== Task details ==
When you return the data, keep every line exactly as it is and leave out the pictures.

== Dataset extract ==
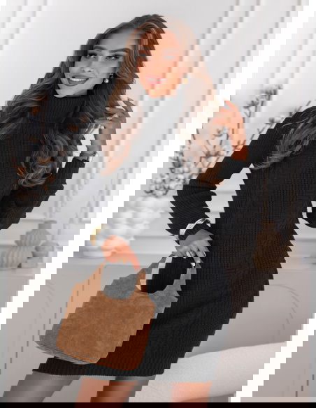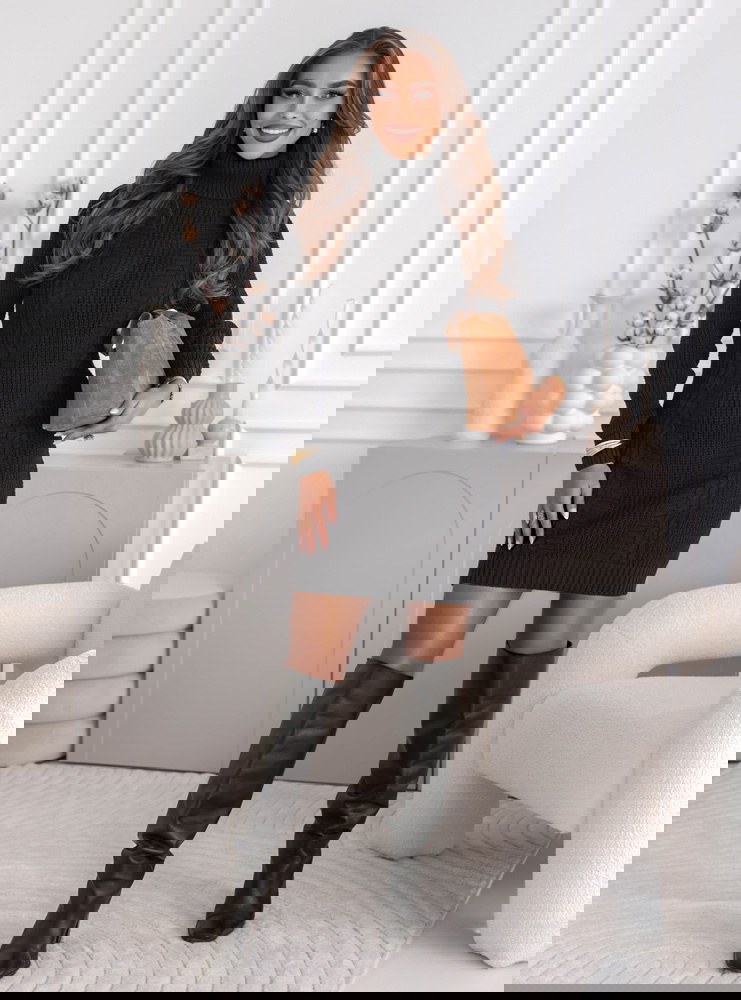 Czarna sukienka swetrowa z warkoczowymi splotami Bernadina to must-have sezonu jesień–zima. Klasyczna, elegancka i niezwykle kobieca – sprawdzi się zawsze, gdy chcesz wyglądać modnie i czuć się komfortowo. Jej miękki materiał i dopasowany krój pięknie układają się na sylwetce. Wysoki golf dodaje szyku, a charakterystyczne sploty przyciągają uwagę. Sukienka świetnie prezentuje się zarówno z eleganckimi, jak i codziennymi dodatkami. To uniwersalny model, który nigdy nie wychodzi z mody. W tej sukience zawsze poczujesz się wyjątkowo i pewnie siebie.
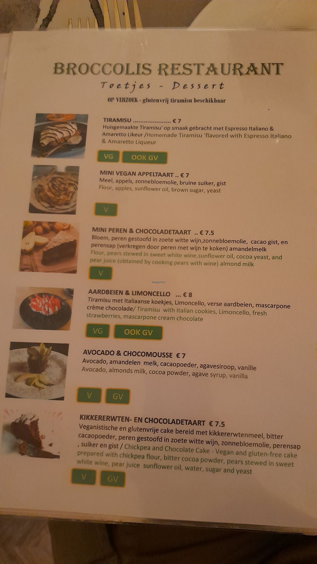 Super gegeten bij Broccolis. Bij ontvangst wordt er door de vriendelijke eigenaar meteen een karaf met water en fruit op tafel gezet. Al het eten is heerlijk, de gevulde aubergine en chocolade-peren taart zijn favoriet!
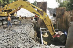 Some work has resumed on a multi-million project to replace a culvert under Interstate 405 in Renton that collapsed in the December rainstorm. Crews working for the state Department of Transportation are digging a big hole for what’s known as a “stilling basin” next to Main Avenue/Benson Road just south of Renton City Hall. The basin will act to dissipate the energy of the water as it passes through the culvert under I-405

== Solution for this task ==
 Czarna sukienka swetrowa z warkoczowymi splotami Bernadina to must-have sezonu jesień–zima. Klasyczna, elegancka i niezwykle kobieca – sprawdzi się zawsze, gdy chcesz wyglądać modnie i czuć się komfortowo. Jej miękki materiał i dopasowany krój pięknie układają się na sylwetce. Wysoki golf dodaje szyku, a charakterystyczne sploty przyciągają uwagę. Sukienka świetnie prezentuje się zarówno z eleganckimi, jak i codziennymi dodatkami. To uniwersalny model, który nigdy nie wychodzi z mody. W tej sukience zawsze poczujesz się wyjątkowo i pewnie siebie.
 Super gegeten bij Broccolis. Bij ontvangst wordt er door de vriendelijke eigenaar meteen een karaf met water en fruit op tafel gezet. Al het eten is heerlijk, de gevulde aubergine en chocolade-peren taart zijn favoriet!
 Some work has resumed on a multi-million project to replace a culvert under Interstate 405 in Renton that collapsed in the December rainstorm. Crews working for the state Department of Transportation are digging a big hole for what’s known as a “stilling basin” next to Main Avenue/Benson Road just south of Renton City Hall. The basin will act to dissipate the energy of the water as it passes through the culvert under I-405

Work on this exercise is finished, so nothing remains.